Time for sound to reach ears = (125/343) = .364 secs.
(5.05 + .364) = 5.414 secs.
Okay, you can determine the time by using (delta)x=1/2a(t)^2
so 125=9.81/2 (t)^2
250= 9.81(t)^2 so divide both sides by G
which is 25.5=t^2
find the square root, then you have 5.1=t
Now that you have The amount of time it actually takes the rock to hit the bottom of the cliff now you have to find how long it takes for the sound of the rock to get back to the person.

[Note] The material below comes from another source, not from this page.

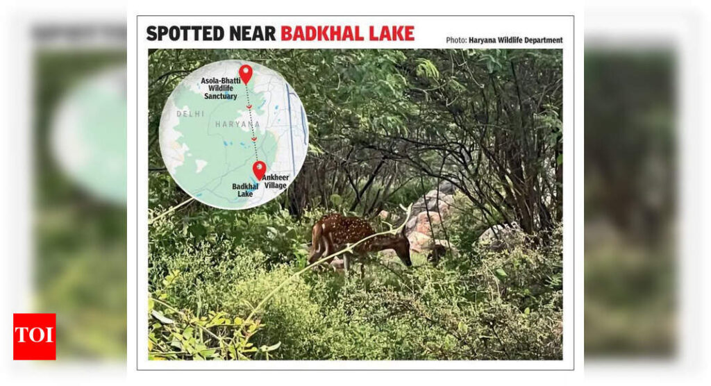 Gurgaon: A spotted deer — or chital — with its distinctive russet-brown coat and white spots, was observed near Badkhal lake in the Faridabad Aravalis by forest department officials on Thursday. This sighting is believed to be the first recorded appearance of this species in the district, sparking hope and excitement within the wildlife community.Historically, the chital roamed freely across the Aravalis, stretching from Gurgaon to the Delhi Ridge. However, the rapid urbanisation of the 1980s and 1990s — fuelled by mining, real estate expansion, and deforestation — fragmented their habitats, pushing them into core forest zones like the Asola-Bhatti wildlife sanctuary. A 2017 Wildlife Institute of India (WII) survey of Haryana’s Aravalis reported a significant decline in wildlife population, including that of the spotted deer, due to habitat loss and fragmentation.According to officials, this is the first confirmed sighting of a spotted deer in the Aravalis in recent records. Vivek Saxena, principal chief conservator of forests (wildlife), said, “We do not have data on the last sighting of chital in the Aravalis, but this sighting definitely shows that habitat improvements helped wildlife return to the region.”The sighting underscores the significance of green spaces at the urban fringe. Badkhal lake is situated at the edge of the Southern Aravali Ridge, which connects to the larger Delhi Ridge ecology and links with areas like the Asola-Bhatti sanctuary, an essential corridor for wildlife in this region.“Wildlife, when given undisturbed green spaces, sometimes ventures back into areas we might consider too crowded. This visit could indicate that the wildlife corridor is active or that native habitat is gradually reclaiming ground. Either way, it serves as a subtle reminder of the broader environmental threads still weaving through our daily lives,” said wildlife biologist Sumit Dookia.If sightings like this become more frequent, experts suggested it could be time to consider restoring or strengthening habitat links, including corridors between Asola and Sarika, where the spotted deer population is currently active.“Seeing a spotted deer in Faridabad is a positive sign. It shows that even small patches of forest and wetlands can support wildlife if they are protected. What’s crucial now is to ensure these green spaces remain connected so animals can move safely across the Aravalis,” said wildlife expert Sunil Harsana.

you don't have an initial velocity because the sound starts from rest..I think
So you do
x= 1/2(Vf)t
125=1/2 (343) t
So you find t
125x2 =250
so 250= 343t
then divide both sides
0.73=t
now that you have both times you just add it together so 0.73+5.1=5.83 seconds
SO it's 5.83 seconds...I think I may be wrong so just cross reference this result by googling the first sentence and then putting the givens behind it.
Let t = time for the stone to reach the ground
=> 125 = 4.905t^2
=> t = â(125/4.905) = 5.0482 seconds
Time for the sound to reach the top after the stone reached the ground
= 125/343 = 0.3676 sec.
Time of hearing the sound after the sgtone is dropped
= 5.0482 + 0.3676
= 5.4158 sec.
The converse of this problem is challenging.
"Given that the sound is heard 5.4158 seconds after the stone is dropped, what is the height of the cliff."
Try it.
y = v0 * t + 1/2*g*t^2
solve for t with v0 = 0 then t = sqrt(2*y/g)
that's the time for stone to hit ground.
then it's a simple t = y / V to get time for sound to reach back at you.
Add em together. good luck!
find how many seconds it takes to drop. ( hieght/ gravity maybe) then multiply that by speed of sound.